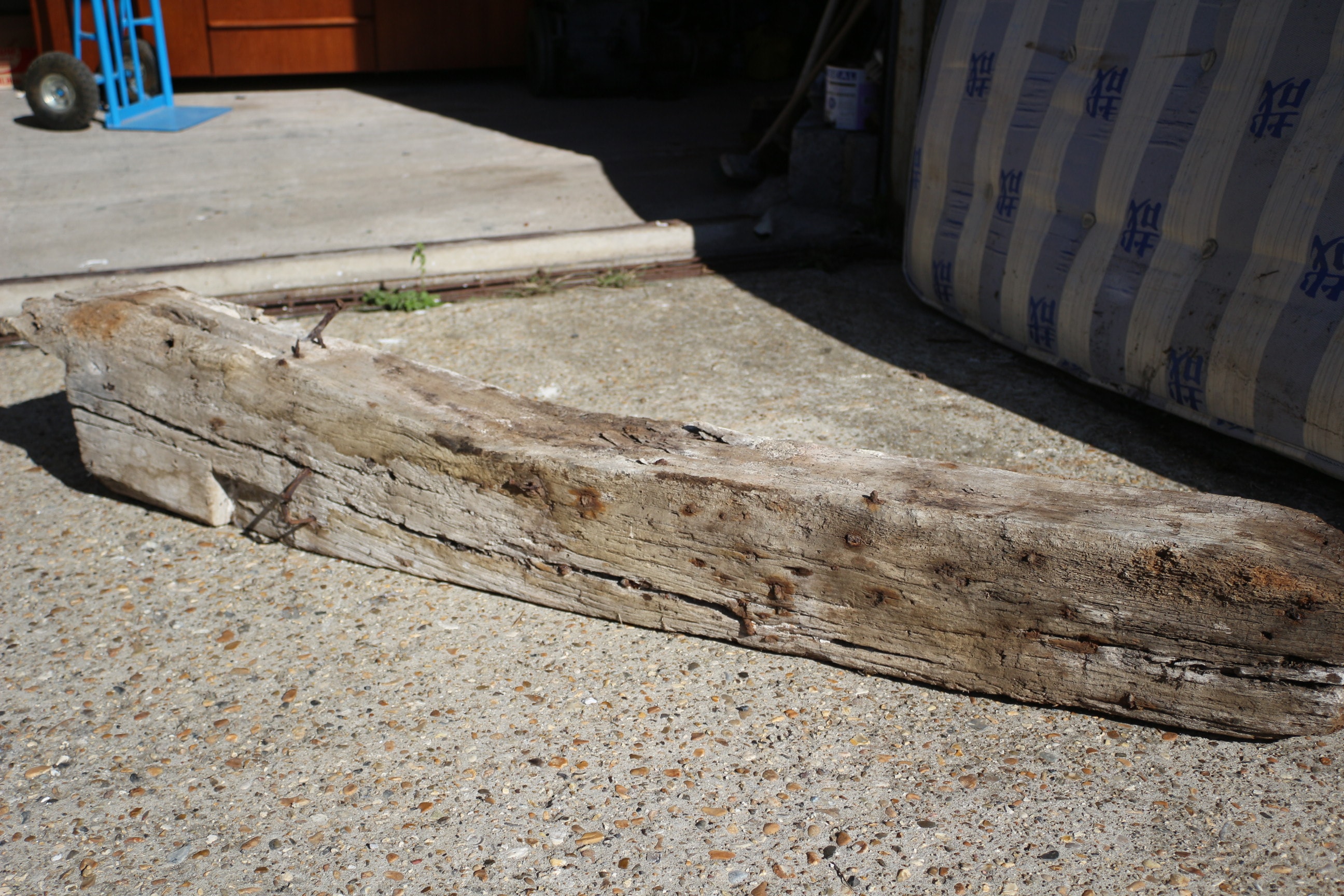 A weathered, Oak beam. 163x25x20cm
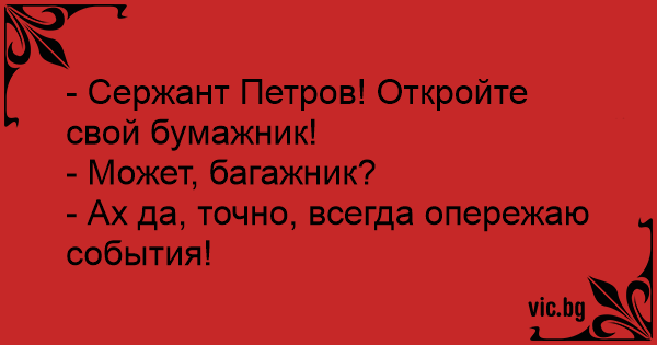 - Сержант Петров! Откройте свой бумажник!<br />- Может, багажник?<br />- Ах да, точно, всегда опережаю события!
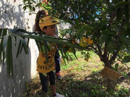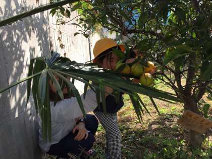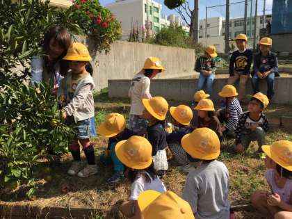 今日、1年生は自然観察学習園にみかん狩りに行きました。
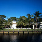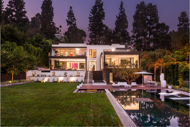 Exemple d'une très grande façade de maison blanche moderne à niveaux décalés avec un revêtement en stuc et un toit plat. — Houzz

== Task description ==
Reproduce exactly, and only, the lines that begin at the one containing "- Сержант Петров!" and end with the final line of the data, both included, while omitting every picture.

== Completed exercise ==
 - Сержант Петров! Откройте свой бумажник!<br />- Может, багажник?<br />- Ах да, точно, всегда опережаю события!
 今日、1年生は自然観察学習園にみかん狩りに行きました。
 Exemple d'une très grande façade de maison blanche moderne à niveaux décalés avec un revêtement en stuc et un toit plat. — Houzz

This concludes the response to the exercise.